Landau and Ginzburg formulated a theory that includes the free energy of phases, with the purpose to derive coupled PDEs describing the dynamics of phase transformations. Their model with focus on the phase transition process itself also found many other applications, not the least because many exact solutions can be obtained. During the last few decades, with focus on the bulk material rather than the phase transition, the theory has been used as a convenient tool in numerical analyses to keep track of cracks and other moving boundaries. As a Swede I can't help myself from noting that both of them received Nobel prizes, Landau in 1962 and Ginzburg in 2003. At least Ginzburg lived long enough to see their model used in connection with formation and growth of cracks. 

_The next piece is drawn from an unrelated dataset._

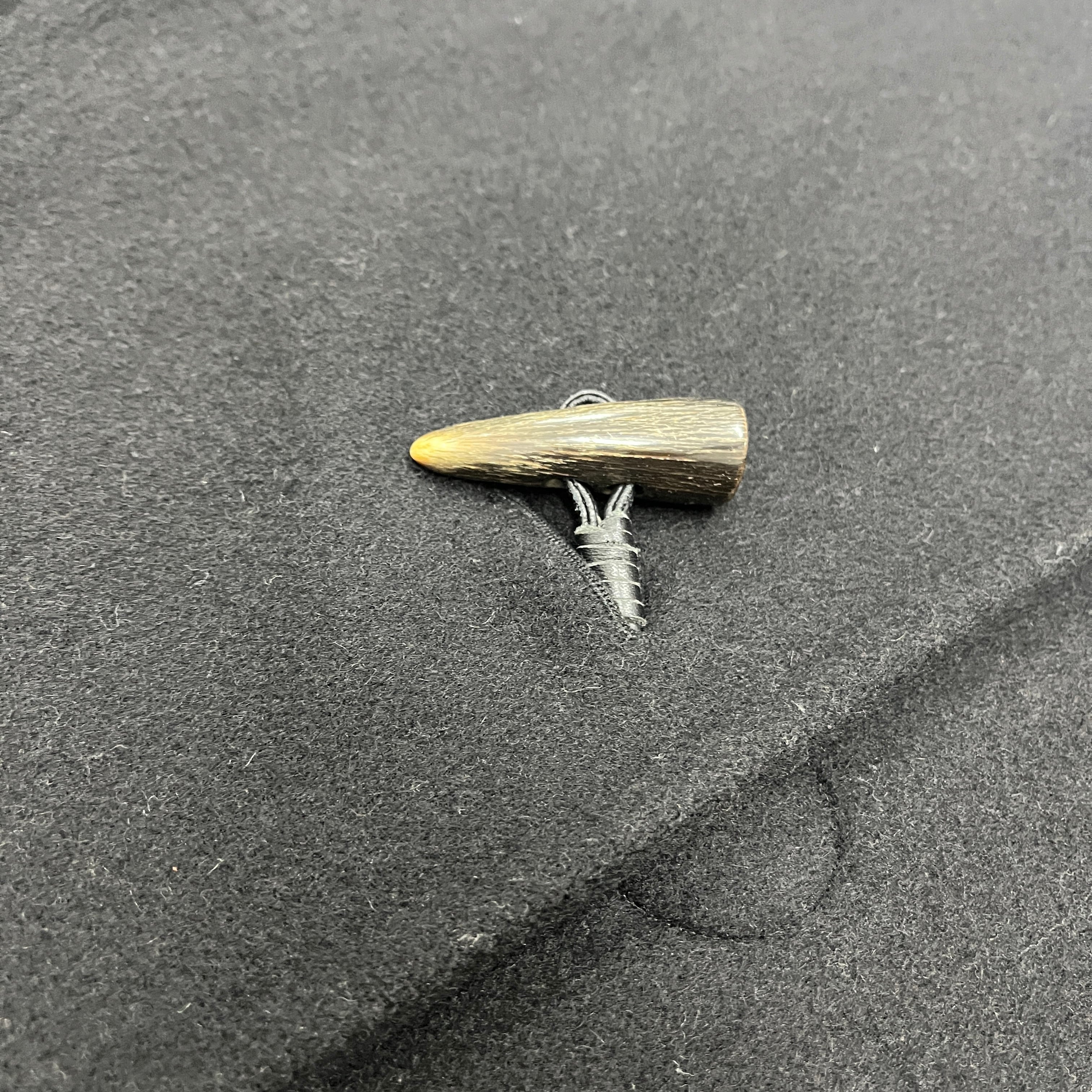 一方で、首元の第1ボタンと袖口には、高級感のある「水牛ボタン(バッファローホーン)」を使用しており、異素材の組み合わせが非常に洒落ています。

The Ginzburg-Landau equation assumes, as virtually all free energy based models do, that the state follows the direction of steepest descent towards a minimum free energy. Sooner or later a local minimum is reached. It doesn't necessarily have to be the global minimum and may depend on the starting point. Often more than one form of energy, such as elastic, heat, electric, concentration and more energies are interacting along the path. Should there be only a single form of energy the result becomes Navier's, Fourier's, Ohm's or Fick's  law. If more than one form of energy is involved, all coupling terms between the different physical phenomena are readily obtained. By including chemical energy of phases Ginzburg and Landau were able to explain the physics leading to superfluid and superconducting materials. Later by mimicking vanished matter as a second phase with virtually no free energy we end up with a model suitable for studies of growing cracks, corrosion, dissolution of matter, electroplating or similar phenomena. The present paper 

"Phase-field modeling of crack branching and deflection in heterogeneous media" by Arne Claus Hansen-Dörr, Franz Dammaß, René de Borst and Markus Kästner in Engineering Fracture Mechanics, vol. 232, 2020,, 

describes a usable benchmarked numerical model for computing crack growth based on a phase field model inspired by the Ginzburg-Landau's pioneering work. The paper gives a nice background to the usage of the phase field model with many intriguing modelling details thoroughly described. Unlike in Paper #11 here the application is on cracks penetrating interfaces. Both mono- and bi-material interfaces at different angles are covered. It has been seen before e.g. in the works by He and Hutchinson 1989, but with the phase field model results are obtained without requiring any specific criterium for neither growth nor branching nor path. The cracking becomes the product of a continuous phase transformation. 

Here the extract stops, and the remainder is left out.